Thursday, May 6, 2010

Good News and Bad News? Well, Maybe Just Bad News!

This little league baseball season has been interesting to say the least. When we signed up our son we hoped it would be a good experience for him. This would be the first time he was apart of a real team with a real coach. We hoped he would grow as a person and show us the skills to become a future Hall of Fame pitcher for some major league franchise. No pressure though.

Let's see, we've had 9 games so far and our record is 2 - 7. One game they won by forfeit, because the other team didn't have enough players. The other game they won by a score of 1 - 0, over the Yankees. I began to notice something very different about our team compared to the other teams. You see, all the other teams had about 4 or 5 Dads out there helping with the coaching and organizing of the baseball team before and during the games. I also noticed how the Moms and Dads on the other teams would arrive early to the games and fill their little bleachers with fans. Heck, even the family members were all wearing shirts with their team logos.

Then there was our team. Gosh, where do I start? Well, to begin with the games usually start at 6 pm. Strangely enough, that's when my son's teammates would start showing up. Oh sure, there might be 2 or 3 other kids there with my son 10 minutes before the game started, but by 6:02 we're all looking into the parking lot to see if we can scrape together enough players to make a team before we have to forfeit at 6:05.

It's also funny to see how the players on the other teams know how to play their positions, know how to hold their gloves, know what base to throw the ball to and other insignificant stuff like that. I think there's two things at work here: 1) The kids actually care and want to be there and get better and 2) The parents must be practicing with their kids between the games. There are two games a week, so the official opportunities to practice as a team are slim to none. Here at DallasDaddy, I play catch with him a couple of days a week and we go to the batting cages once a week. And you know what, it's a lot of fun for me!
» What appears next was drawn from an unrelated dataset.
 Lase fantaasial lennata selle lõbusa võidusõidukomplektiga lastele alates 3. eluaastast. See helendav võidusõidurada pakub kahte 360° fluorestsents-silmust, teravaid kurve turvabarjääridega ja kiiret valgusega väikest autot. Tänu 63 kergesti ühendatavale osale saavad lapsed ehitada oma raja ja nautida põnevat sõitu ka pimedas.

I think the reason the other kids don't seem to care is because I think the parents don't care. The team seems to be a glorified babysitting service for parents who don't want to be bothered by their kids. You may tell me that's a huge conclusion to jump to and you'd be right. But outside of the coach, I'm the only other Dad who has been to all the practices. In fact, the last practice only had 3 other parents there altogether. So you'll have to forgive me for saying this, but I just don't have confidence that the other parents are hoping this is a good experience for their children.

Add to this the very interesting and consistent attitude beheld by the majority of the kids on the team. It's like they all want to pitch in the game or at least play in the infield, but none want to practice the skills that would make them valuable in those positions. Quite honestly, most of the time, the kids are trying to throw the ball as hard as they can at their teammates' heads.
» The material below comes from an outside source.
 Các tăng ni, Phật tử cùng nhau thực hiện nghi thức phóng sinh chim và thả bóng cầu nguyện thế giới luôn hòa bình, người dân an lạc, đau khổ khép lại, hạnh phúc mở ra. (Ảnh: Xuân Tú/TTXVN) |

I remember after one particularly embarrassing game - we were drummed something like 14 to 2 - the kids are all around the coach drinking their fruit juice pouches and eating their Doritos, laughing it up and hitting each other with their gloves. Then we look over at our son who has tears in his eyes. My wife asks him the usual parent question, "What's wrong?" His response was painful, he replied, "Our team SUCKS!" Funny, but he was the only kid upset by the embarrassment that had just taken place. Some may think he's too high strung, but I would strongly disagree.

You see, we have tried to instill a sense of excellence into our children. If they take on something, we want them to do their best and try to learn how to get better. Especially, when others are counting on them, like in a team, family or classroom setting. With very few exceptions, the other kids on his team could care less about anything, except for misbehaving during practices and games. They want the glory, but without the work. I fear that will become, if it's not already, an epidemic among the youth of today.
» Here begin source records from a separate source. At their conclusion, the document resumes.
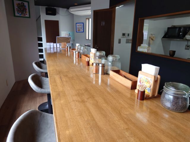 店内は奥に長い構造、カウンター席のみ6席です。おひとり様なのでカウンター席端っこに入ります、料金は前払いになります。
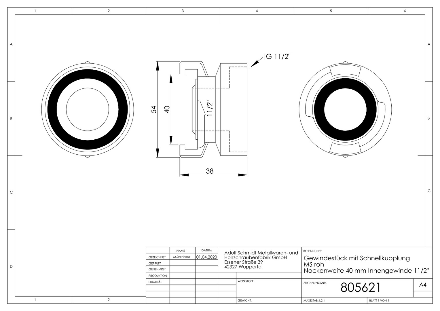 ASW Gewindestück IG 1 1/2"", Nockenweite 40mm, Messing roh
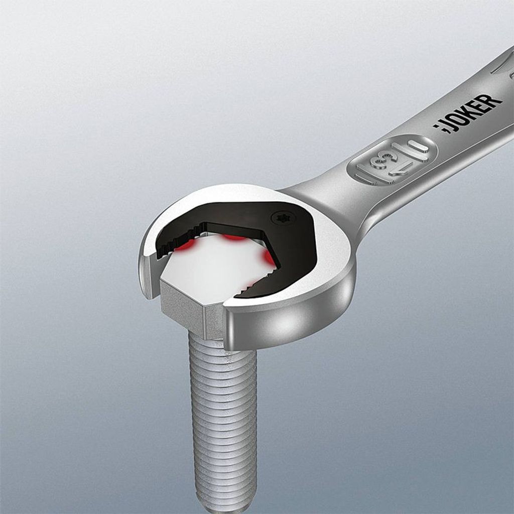 Joker Spärrnyckeln kan tack vare den unika metallplattan i käken minska risken för att tappa muttrar och bultar. Weras Jokernycklar har en vinkel på 30 grader vilket gör att nyckeln lättare kan användas i trånga utrymmen där många andra spärrnycklar inte kommer åt.
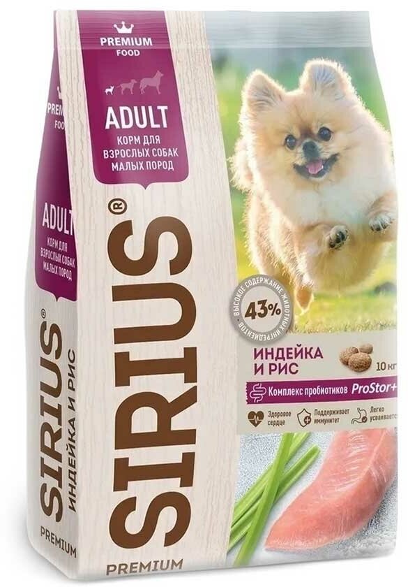 SIRIUS для взрослых собак маленьких пород с индейкой (10 + 10 кг)
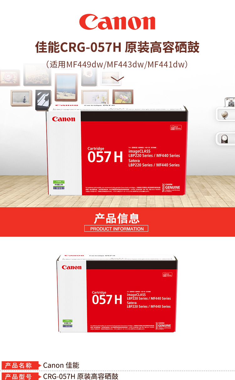 • 商品名稱:佳能(Canon) CRG-057 H 高容黑色硒鼓 印量約10000頁

My son tells us he is still enjoying playing baseball. He still likes to be a part of the team, which I think is extremely admirable considering the team he's on. He really is more resiliant than I like to give him credit for. So remember those sayings from the "good ole' days" - keep your nose to the grindstone; anything worth doing is worth doing well; we're only as strong as our weakest link; etc.

Oh, and if you want to watch my son's baseball team in action, just put in the movie "The Bad News Bears". But don't watch the last half of the movie when they're good, just rewind and watch the first half over and over and over again. Because there is no good news for these Bad News Bears.